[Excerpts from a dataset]
————

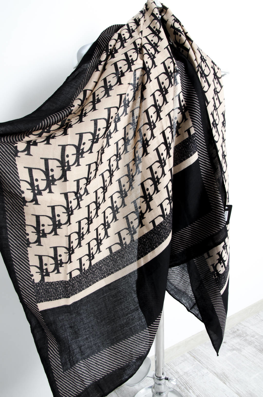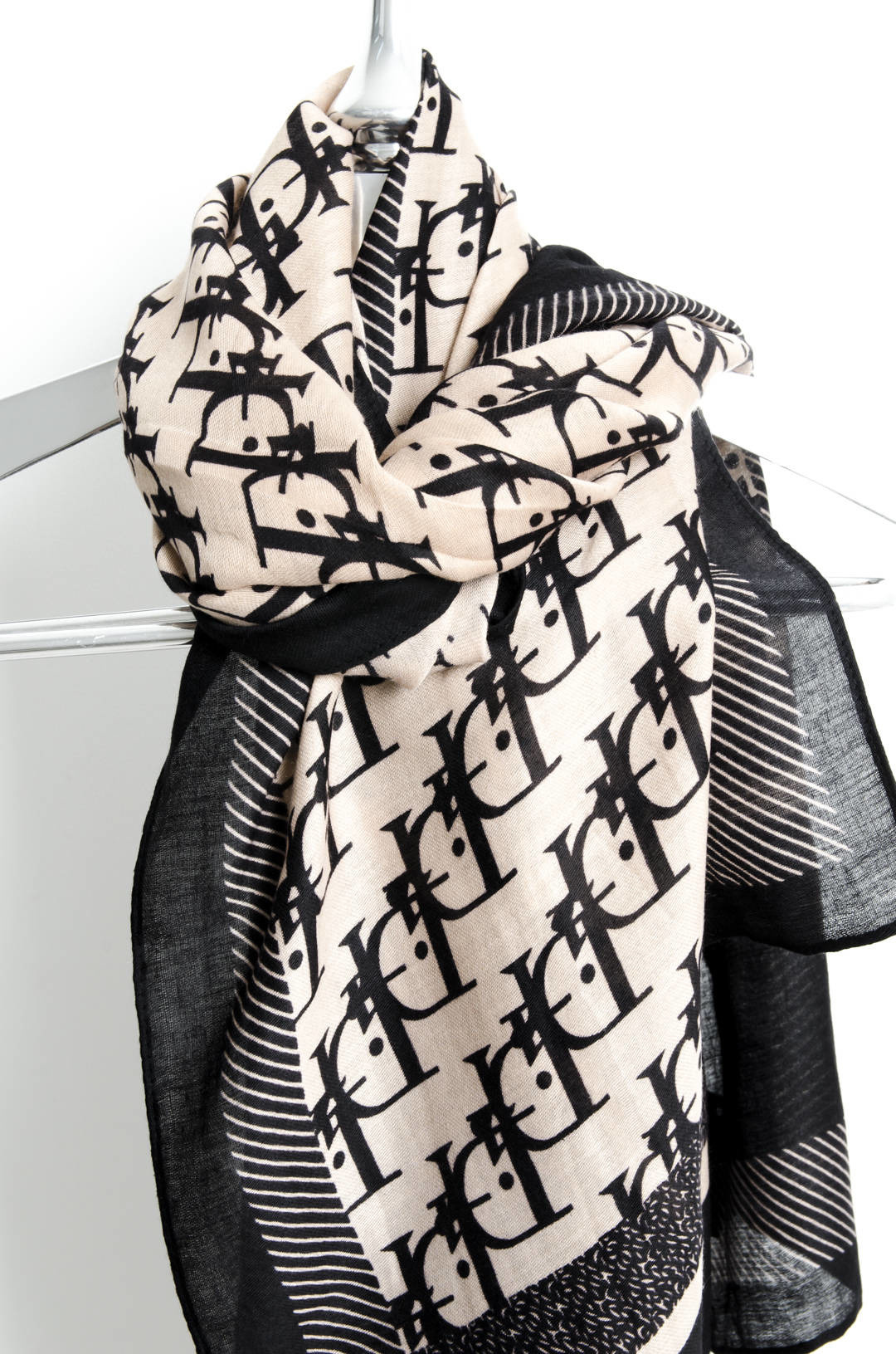 BEŻOWO-CZARNY WZORZYSTY SZAL
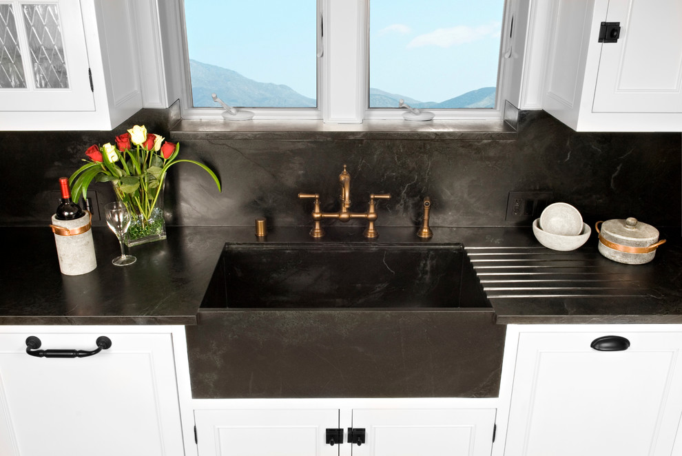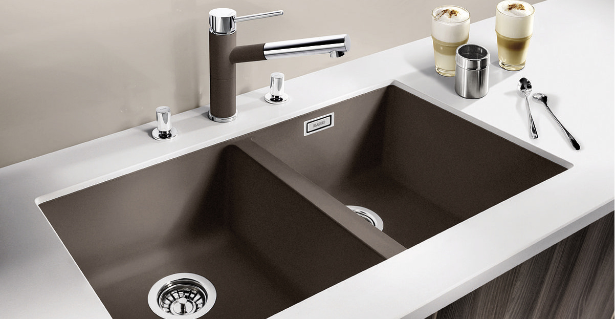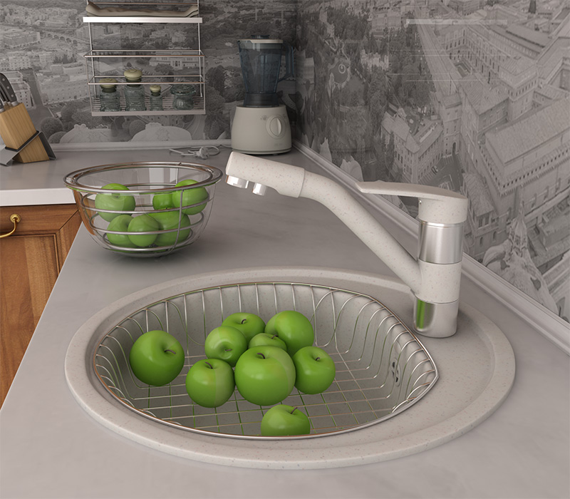 Mischer aus Stein behalten die Farbe perfekt, verblassen nicht, reißen nicht und sind resistent gegen hohe Temperaturen sowie extreme Temperaturen. Die Farbpalette ist ziemlich stabil und in Kontakt mit Lebensmittelfarben.Brauner, schwarzer, blauer und weißer Kunststein gehören zu den begehrtesten Farben und eignen sich für jedes Küchenset.
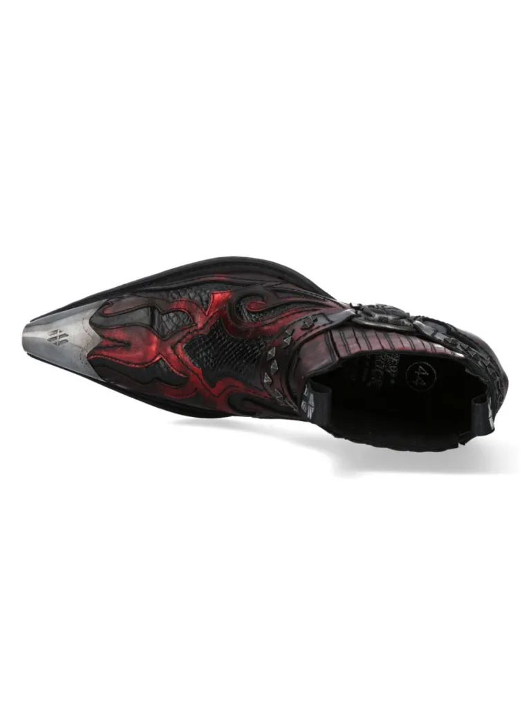 Spidse Støvler Fra New Rockhårde Sko I Ægte Læder Med Detaljer Der Skiller Sig Ud Fra Mængden. De Er Designede Med Et Mønster I Læderet, Nitter Og En Tå Metal, Samt En Hæl. Det Er Et Par Sko, Med Elastik I Skaftet, Som Gør At De Kan Trækkes På. Denne Unikke Sko Findes Kun I Et Begrænset Oplag!
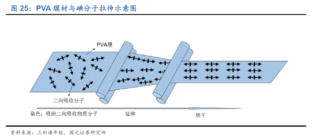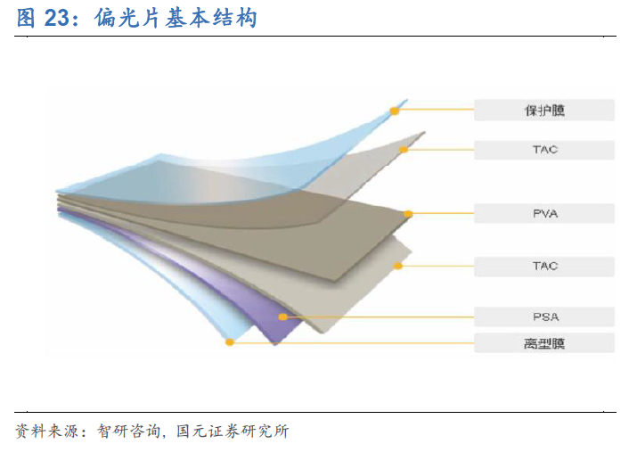 偏光片主要是由 PVA 膜、TAC 膜、保护膜、离型膜和压敏胶等复合制成,其中起偏振作用的核心膜材是 PVA 膜,该材料决定了偏光片的偏光性能、透光度、偏振度、 色调等关键光学指标。PVA 膜经过染色后吸附具有二向吸收功能的碘分子,通过拉 伸使得碘分子在 PVA 膜上有序排列,形成具有均匀二向吸收功能的偏光膜 ,其透 过轴与拉伸的方向垂直。
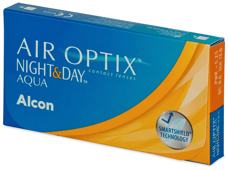 Контактните лещи Air Optix Night and Day Aqua от Alcon са новият подобрен модел на Air Optix Night and Day и са проектирани за непрекъснато носене. Одобрени са за продължителна употреба до 30 дни без сваляне от окото след консултация с очен специалист. Това е "най-дишащият модел" контактни лещи - създадени са от патентован материал, гарантиращ до 6 пъти повече кислородна пропускливост от обикновените меки контактни лещи - 140 Dk (175 Dk/t). Това, заедно с ултрагладката им повърхност, съхраняваща влагата и предпазваща от натрупване на депозити, е причината това да бъдат най-препоръчваните от очните специалист лещи за продължително носене.
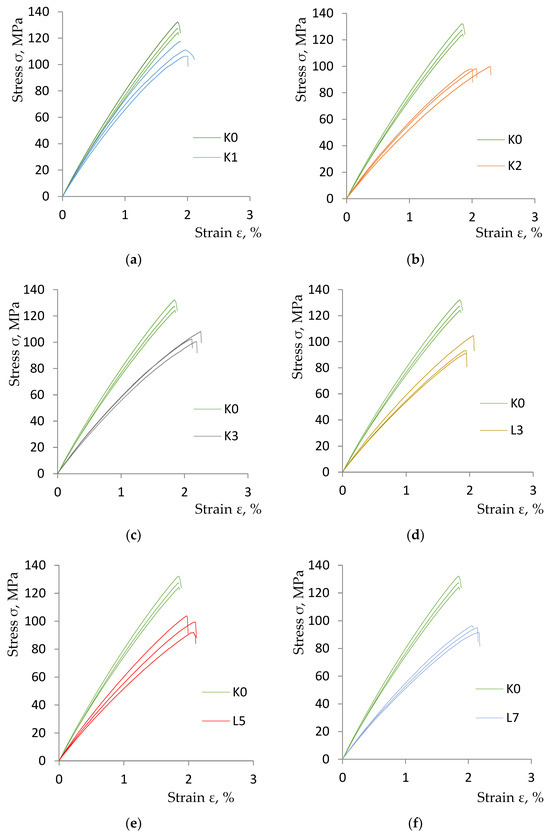 Diagrams of the static tensile test of the tested variants of composite materials obtained from the Zwick Roell testing machine: (a) K0 and K1 specimens; (b) K0 and K2 samples; (c) K0 and K3 samples; (d) K0 and L3 samples; (e) K0 and L5 samples; (f) Samples K0 and L7.
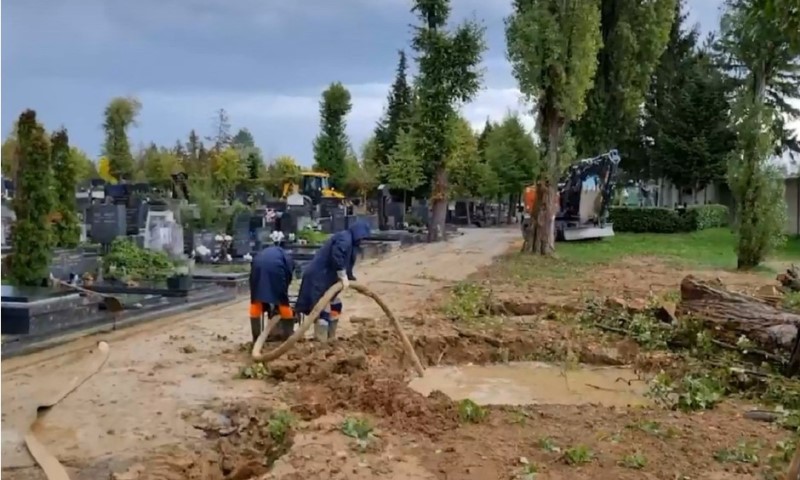 Dio grobova pod vodom: Pukla cijev na zagrebačkom groblju Mirogoj VIDEO
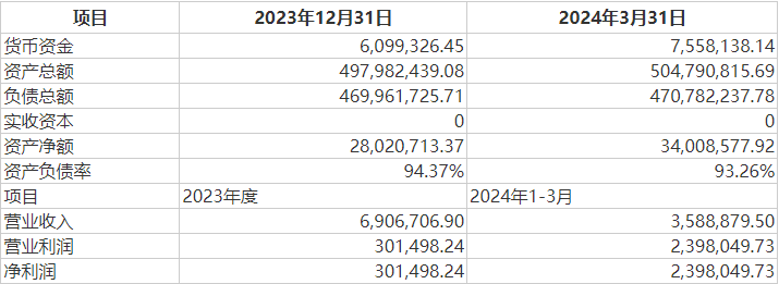 数据显示,成立于2023年的赢古能源,注册资本为6000万元,截止2024年3月31日,赢古能源的货币资金仅755.81万元,资产净值未3400.85万元,负债总额为4.71亿元,资产负债率高达93.26%。2023年度,赢古能源的营业收入仅690.67万元,净利润为30.15万元。货币资金较少,资产负债率较高,这就是接盘者赢古能源的真实写照。
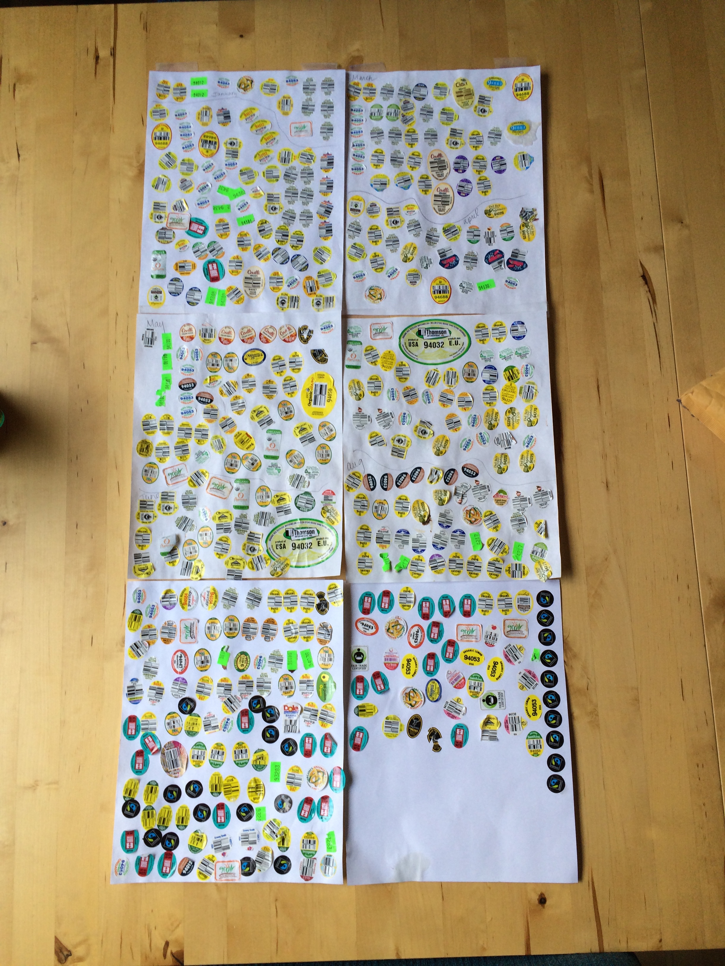 I do the same thing: http://wp.me/p4sJ3i-4W I’m saving them up until I have enough to paper a door at least. I try to shop at the farmer’s market where I can avoid these annoying stickers but occasionally I don’t make it to the market and head to the grocery store, where I might add I CANNOT find a local organic apple even though I live in California where organic farms abound(!).
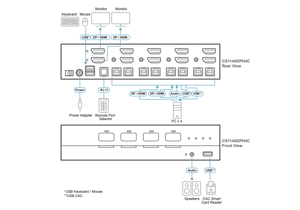 - 1x CS1144DPH4C 4-Port USB 5K DisplayPort/HDMI Dual Display Universal Secure KVM Switch with CAC
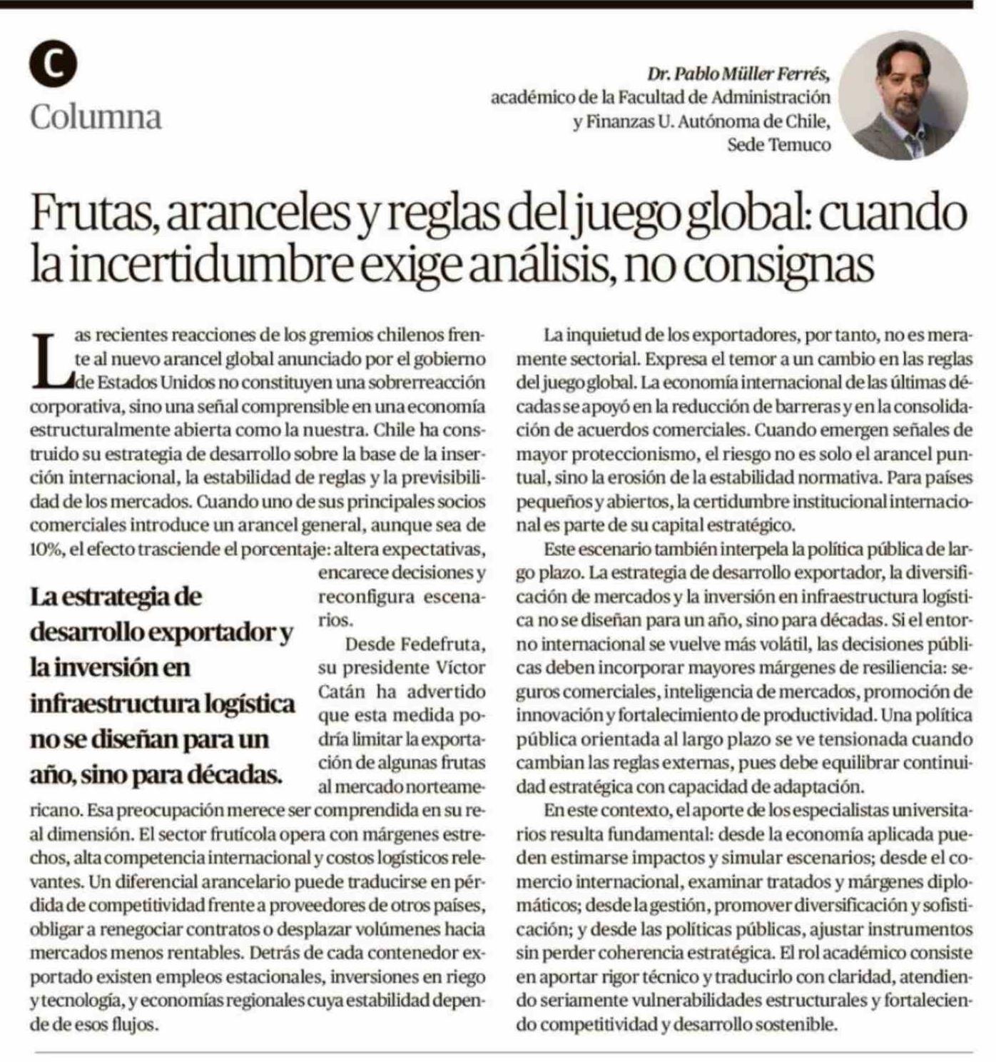 Columnas de Opinión: Frutas, aranceles y reglas del juego global: cuando la incertidumbre exige análisis, no consignas
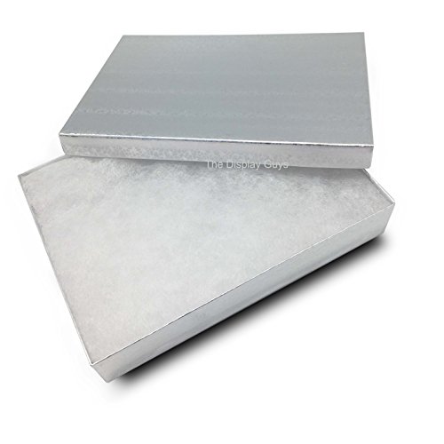 The Display Guys, Pack of 25 Silver 5 3/8x3 7/8x1 inches Cotton Filled Paper Jewelry Box Gift Display Case(#53)
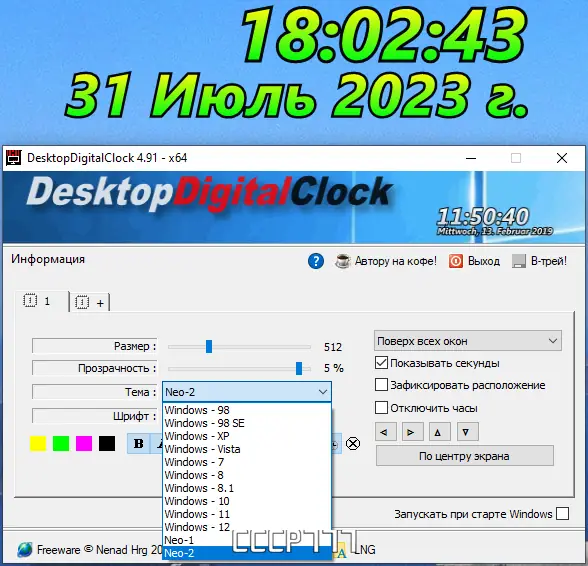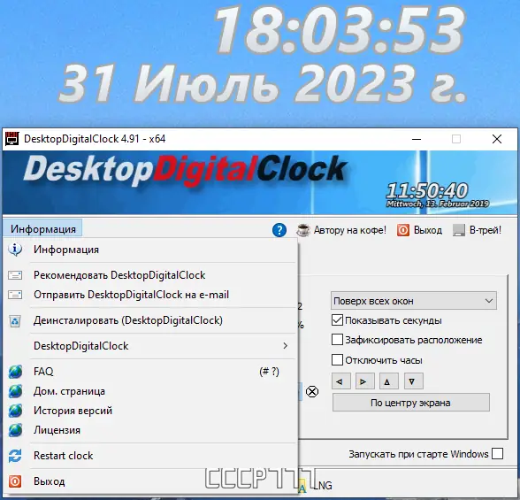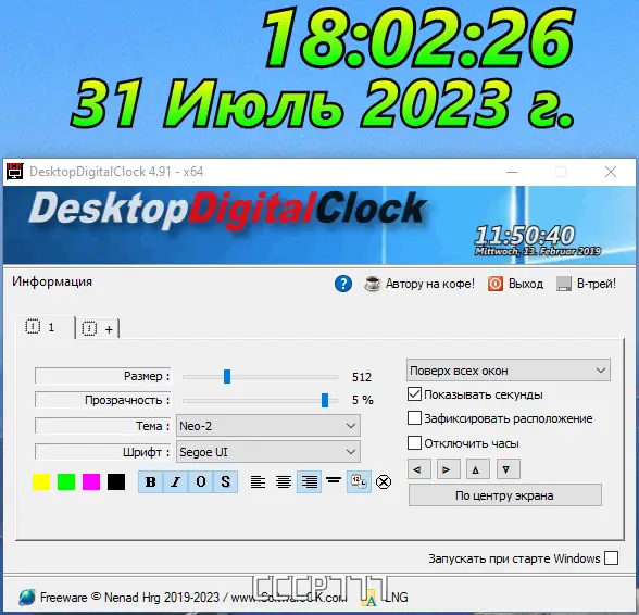 DesktopDigitalClock доступна для бесплатного использования и распространяется в портативной версии. Программа совместима с актуальными версиями Windows и не требует прав администратора для запуска. Благодаря компактному размеру и отсутствию зависимости от системных библиотек, её можно хранить на флеш-накопителе и использовать на любом компьютере.
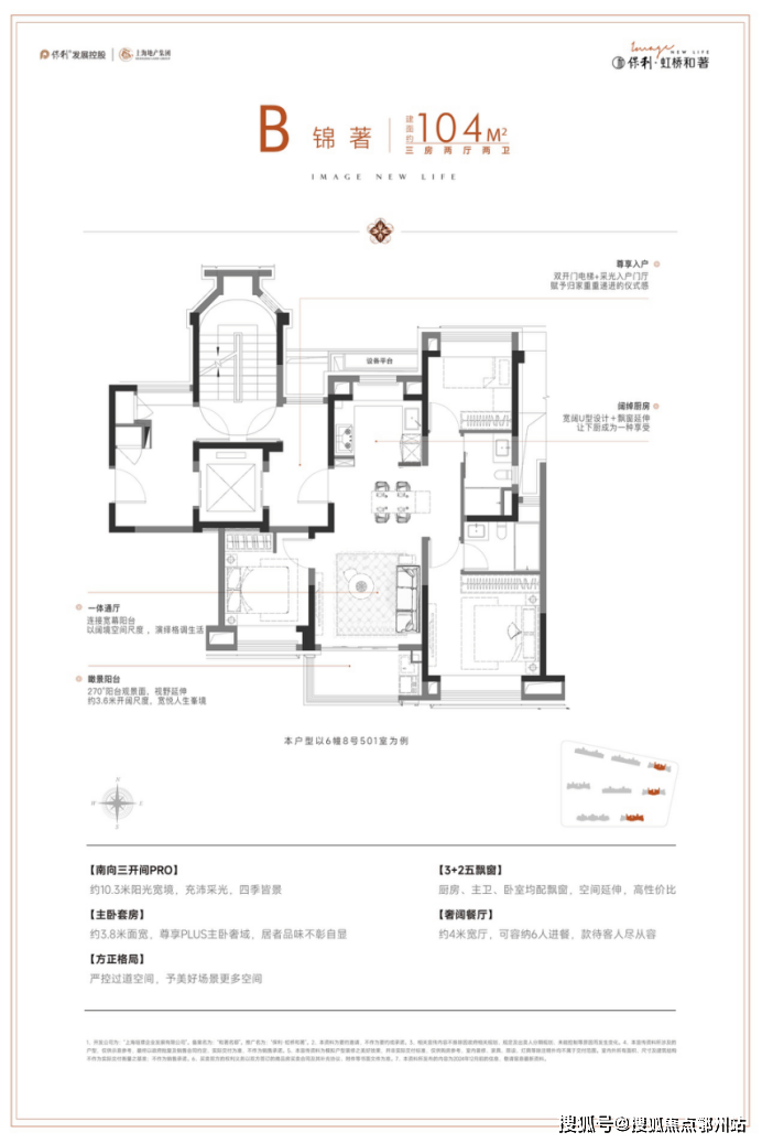 104㎡的舒适三房设计,飞机户型 的空间排布,空间充裕但不浪费,将每一平米更大化利用,家人居住也互不干扰;开放式阳台,南向面宽达 10.3米 ,通风好采光佳;客餐厅空间 足够容纳六人餐桌,主卧套房 则非常奢华舒适,南北三面270°转角飘窗 ,整体科学布局之外,再搭配玄关柜、餐边柜、橱柜、镜柜等多重收纳空间 ,大大提升居住的舒适性,以几百万的价格就能享受到千万级豪宅般的生活体验。除此以外,5大飘窗+宽景阳台+6-8平的入户门厅 这一套组合下来,室内空间大大延伸和拓展,居住的舒适性直接拉满,简直不要太划算!

————

# What needs to be done
Each line above should be returned exactly as written, apart from any pictures.

# Output of the task
 BEŻOWO-CZARNY WZORZYSTY SZAL
 Mischer aus Stein behalten die Farbe perfekt, verblassen nicht, reißen nicht und sind resistent gegen hohe Temperaturen sowie extreme Temperaturen. Die Farbpalette ist ziemlich stabil und in Kontakt mit Lebensmittelfarben.Brauner, schwarzer, blauer und weißer Kunststein gehören zu den begehrtesten Farben und eignen sich für jedes Küchenset.
 Spidse Støvler Fra New Rockhårde Sko I Ægte Læder Med Detaljer Der Skiller Sig Ud Fra Mængden. De Er Designede Med Et Mønster I Læderet, Nitter Og En Tå Metal, Samt En Hæl. Det Er Et Par Sko, Med Elastik I Skaftet, Som Gør At De Kan Trækkes På. Denne Unikke Sko Findes Kun I Et Begrænset Oplag!
 偏光片主要是由 PVA 膜、TAC 膜、保护膜、离型膜和压敏胶等复合制成,其中起偏振作用的核心膜材是 PVA 膜,该材料决定了偏光片的偏光性能、透光度、偏振度、 色调等关键光学指标。PVA 膜经过染色后吸附具有二向吸收功能的碘分子,通过拉 伸使得碘分子在 PVA 膜上有序排列,形成具有均匀二向吸收功能的偏光膜 ,其透 过轴与拉伸的方向垂直。
 Контактните лещи Air Optix Night and Day Aqua от Alcon са новият подобрен модел на Air Optix Night and Day и са проектирани за непрекъснато носене. Одобрени са за продължителна употреба до 30 дни без сваляне от окото след консултация с очен специалист. Това е "най-дишащият модел" контактни лещи - създадени са от патентован материал, гарантиращ до 6 пъти повече кислородна пропускливост от обикновените меки контактни лещи - 140 Dk (175 Dk/t). Това, заедно с ултрагладката им повърхност, съхраняваща влагата и предпазваща от натрупване на депозити, е причината това да бъдат най-препоръчваните от очните специалист лещи за продължително носене.
 Diagrams of the static tensile test of the tested variants of composite materials obtained from the Zwick Roell testing machine: (a) K0 and K1 specimens; (b) K0 and K2 samples; (c) K0 and K3 samples; (d) K0 and L3 samples; (e) K0 and L5 samples; (f) Samples K0 and L7.
 Dio grobova pod vodom: Pukla cijev na zagrebačkom groblju Mirogoj VIDEO
 数据显示,成立于2023年的赢古能源,注册资本为6000万元,截止2024年3月31日,赢古能源的货币资金仅755.81万元,资产净值未3400.85万元,负债总额为4.71亿元,资产负债率高达93.26%。2023年度,赢古能源的营业收入仅690.67万元,净利润为30.15万元。货币资金较少,资产负债率较高,这就是接盘者赢古能源的真实写照。
 I do the same thing: http://wp.me/p4sJ3i-4W I’m saving them up until I have enough to paper a door at least. I try to shop at the farmer’s market where I can avoid these annoying stickers but occasionally I don’t make it to the market and head to the grocery store, where I might add I CANNOT find a local organic apple even though I live in California where organic farms abound(!).
 - 1x CS1144DPH4C 4-Port USB 5K DisplayPort/HDMI Dual Display Universal Secure KVM Switch with CAC
 Columnas de Opinión: Frutas, aranceles y reglas del juego global: cuando la incertidumbre exige análisis, no consignas
 The Display Guys, Pack of 25 Silver 5 3/8x3 7/8x1 inches Cotton Filled Paper Jewelry Box Gift Display Case(#53)
 DesktopDigitalClock доступна для бесплатного использования и распространяется в портативной версии. Программа совместима с актуальными версиями Windows и не требует прав администратора для запуска. Благодаря компактному размеру и отсутствию зависимости от системных библиотек, её можно хранить на флеш-накопителе и использовать на любом компьютере.
 104㎡的舒适三房设计,飞机户型 的空间排布,空间充裕但不浪费,将每一平米更大化利用,家人居住也互不干扰;开放式阳台,南向面宽达 10.3米 ,通风好采光佳;客餐厅空间 足够容纳六人餐桌,主卧套房 则非常奢华舒适,南北三面270°转角飘窗 ,整体科学布局之外,再搭配玄关柜、餐边柜、橱柜、镜柜等多重收纳空间 ,大大提升居住的舒适性,以几百万的价格就能享受到千万级豪宅般的生活体验。除此以外,5大飘窗+宽景阳台+6-8平的入户门厅 这一套组合下来,室内空间大大延伸和拓展,居住的舒适性直接拉满,简直不要太划算!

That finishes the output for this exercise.